2. a salt algae photosynthetic metabolite pathway key enzyme NADP-glyceraldehyde-3-phosphate dehydrogenase gene proteins encoded according to claim 1 is characterized in that having the aminoacid sequence shown in the SEQ NO 6.
3. the cloning process of a salt algae photosynthetic metabolite pathway key enzyme NADP-glyceraldehyde-3-phosphate dehydrogenase gene according to claim 1 is characterized in that the concrete steps of this method are:
A. according to synthetic a pair of primer CRGAPAF of the conserved sequence of chlamydomonas W80NADP-glyceraldehyde-3-phosphate dehydrogenase gene cDNA and CRGAPAR:
CRGAPAF:1 AAGGGCACCA?TGACCACC 18,
CRGAPAR:1 ATGCCGTTGA?GCTTGCC 17;
B. the method by RT-PCR obtains the cDNA fragment from total RNA amplification of chlamydomonas CC2677, and total length 176bp is with this cDNA fragment called after CRGAPAf;
C. the cDNA fragment CRGAPAf that obtains among the step b is carried out probe mark with DIG, the cDNA library of screening salt algae, promptly 3.0M NaCl cDNA library through the two-wheeled screening, obtains 5 independently phage positive colonies, is converted into plasmid by external excision then; So promptly obtain salt algae photosynthetic metabolite pathway key enzyme NADP-glyceraldehyde-3-phosphate dehydrogenase gene.

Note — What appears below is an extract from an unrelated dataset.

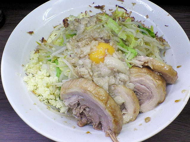 チーズやニンニク、生卵を中盤以降はいつもの様に掻き混ぜ、ジャンクさ大爆発でサクッと完食!

4. the protein expression of a salt algae photosynthetic metabolite pathway key enzyme NADP-glyceraldehyde-3-phosphate dehydrogenase gene according to claim 1, it is characterized in that this method is: the coding region of salt algae photosynthetic metabolite pathway key enzyme NADP-glyceraldehyde-3-phosphate dehydrogenase gene is cloned among the prokaryotic expression carrier pTWIN1, and in BL21 (DE3), carries out protein expression.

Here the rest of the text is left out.